◆ Material for this task:
=== Section Start ===

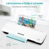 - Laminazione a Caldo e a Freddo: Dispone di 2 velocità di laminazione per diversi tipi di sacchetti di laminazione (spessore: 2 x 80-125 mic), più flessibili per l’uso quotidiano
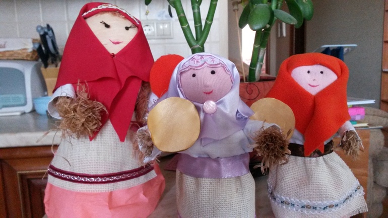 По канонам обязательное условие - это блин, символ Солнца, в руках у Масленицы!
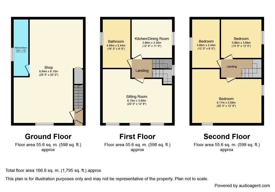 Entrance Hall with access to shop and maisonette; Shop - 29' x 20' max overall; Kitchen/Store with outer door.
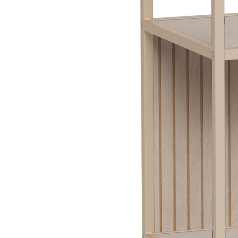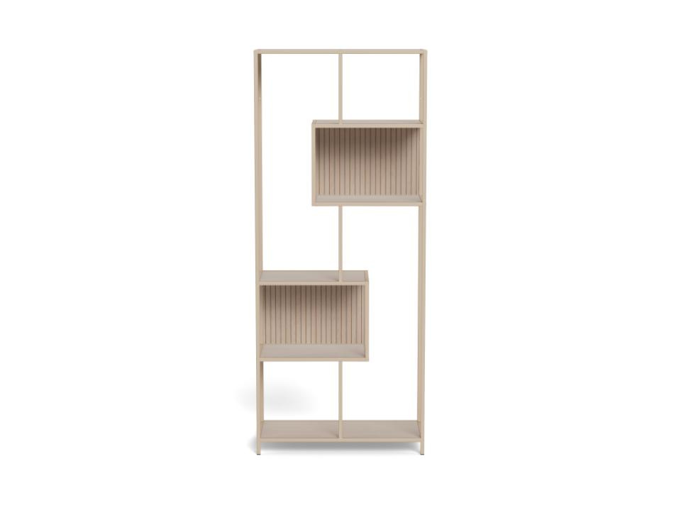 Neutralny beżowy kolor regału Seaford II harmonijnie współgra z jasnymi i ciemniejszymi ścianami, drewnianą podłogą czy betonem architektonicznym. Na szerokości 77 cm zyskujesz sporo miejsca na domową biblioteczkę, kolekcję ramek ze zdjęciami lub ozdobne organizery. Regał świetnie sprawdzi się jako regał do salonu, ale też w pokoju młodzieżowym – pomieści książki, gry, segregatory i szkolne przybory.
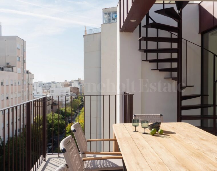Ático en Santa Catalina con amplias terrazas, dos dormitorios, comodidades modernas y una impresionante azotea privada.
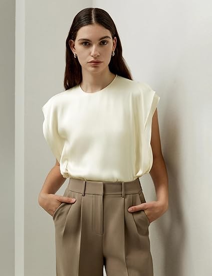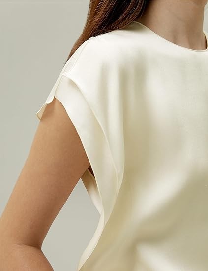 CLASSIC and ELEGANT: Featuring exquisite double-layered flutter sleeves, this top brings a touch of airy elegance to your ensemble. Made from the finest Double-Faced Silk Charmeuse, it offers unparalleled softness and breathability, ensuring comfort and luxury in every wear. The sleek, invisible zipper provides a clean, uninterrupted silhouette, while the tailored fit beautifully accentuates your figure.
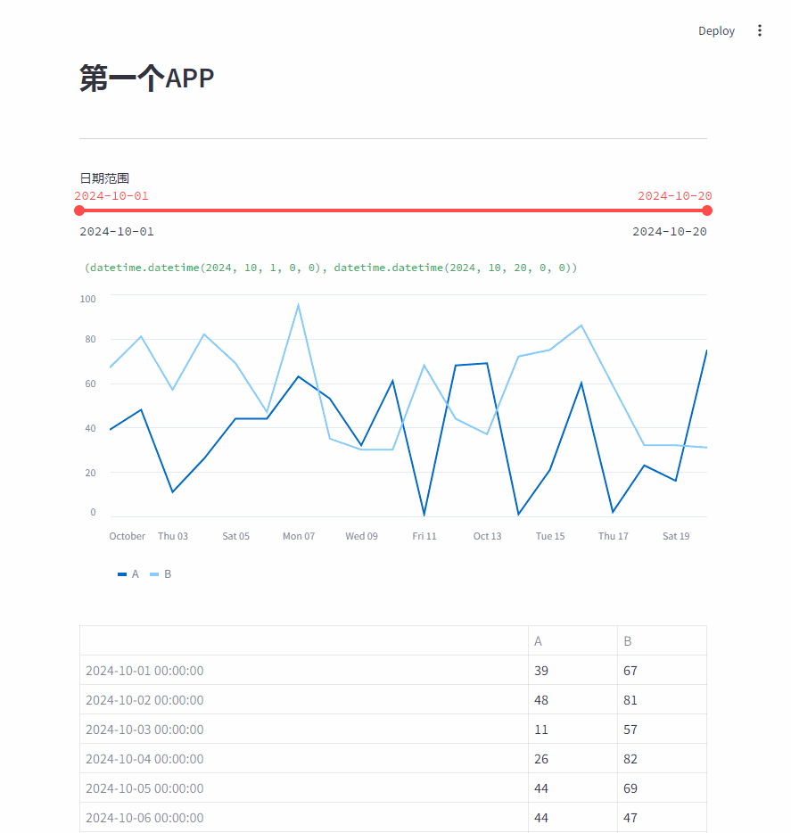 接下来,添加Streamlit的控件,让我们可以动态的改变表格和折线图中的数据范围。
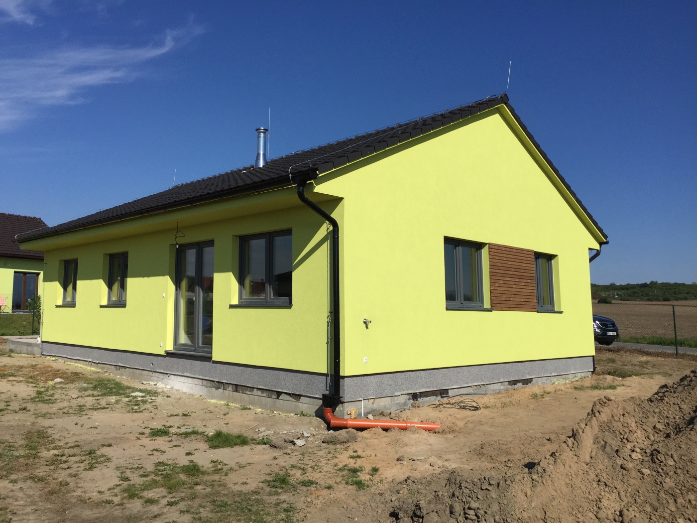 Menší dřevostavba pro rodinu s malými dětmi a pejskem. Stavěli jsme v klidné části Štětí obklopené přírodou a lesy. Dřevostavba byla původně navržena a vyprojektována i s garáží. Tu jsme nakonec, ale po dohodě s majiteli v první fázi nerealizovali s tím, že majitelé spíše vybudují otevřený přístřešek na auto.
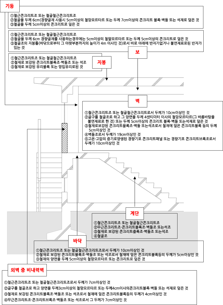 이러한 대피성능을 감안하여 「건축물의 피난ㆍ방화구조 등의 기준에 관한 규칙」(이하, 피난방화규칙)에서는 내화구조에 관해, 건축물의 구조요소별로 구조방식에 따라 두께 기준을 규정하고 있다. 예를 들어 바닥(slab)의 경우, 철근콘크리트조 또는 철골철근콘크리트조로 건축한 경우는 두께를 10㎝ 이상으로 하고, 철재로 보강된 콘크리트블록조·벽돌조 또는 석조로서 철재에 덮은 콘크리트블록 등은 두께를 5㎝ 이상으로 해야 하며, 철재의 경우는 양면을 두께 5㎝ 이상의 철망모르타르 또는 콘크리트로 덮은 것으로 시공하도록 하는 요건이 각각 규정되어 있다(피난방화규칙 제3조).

=== Section End ===

Only exact lines belong in the answer: those from the beginning of the entries above through the line holding "接下来,添加Streamli", with no pictures.

 - Laminazione a Caldo e a Freddo: Dispone di 2 velocità di laminazione per diversi tipi di sacchetti di laminazione (spessore: 2 x 80-125 mic), più flessibili per l’uso quotidiano
 По канонам обязательное условие - это блин, символ Солнца, в руках у Масленицы!
 Entrance Hall with access to shop and maisonette; Shop - 29' x 20' max overall; Kitchen/Store with outer door.
 Neutralny beżowy kolor regału Seaford II harmonijnie współgra z jasnymi i ciemniejszymi ścianami, drewnianą podłogą czy betonem architektonicznym. Na szerokości 77 cm zyskujesz sporo miejsca na domową biblioteczkę, kolekcję ramek ze zdjęciami lub ozdobne organizery. Regał świetnie sprawdzi się jako regał do salonu, ale też w pokoju młodzieżowym – pomieści książki, gry, segregatory i szkolne przybory.
Ático en Santa Catalina con amplias terrazas, dos dormitorios, comodidades modernas y una impresionante azotea privada.
 CLASSIC and ELEGANT: Featuring exquisite double-layered flutter sleeves, this top brings a touch of airy elegance to your ensemble. Made from the finest Double-Faced Silk Charmeuse, it offers unparalleled softness and breathability, ensuring comfort and luxury in every wear. The sleek, invisible zipper provides a clean, uninterrupted silhouette, while the tailored fit beautifully accentuates your figure.
 接下来,添加Streamlit的控件,让我们可以动态的改变表格和折线图中的数据范围。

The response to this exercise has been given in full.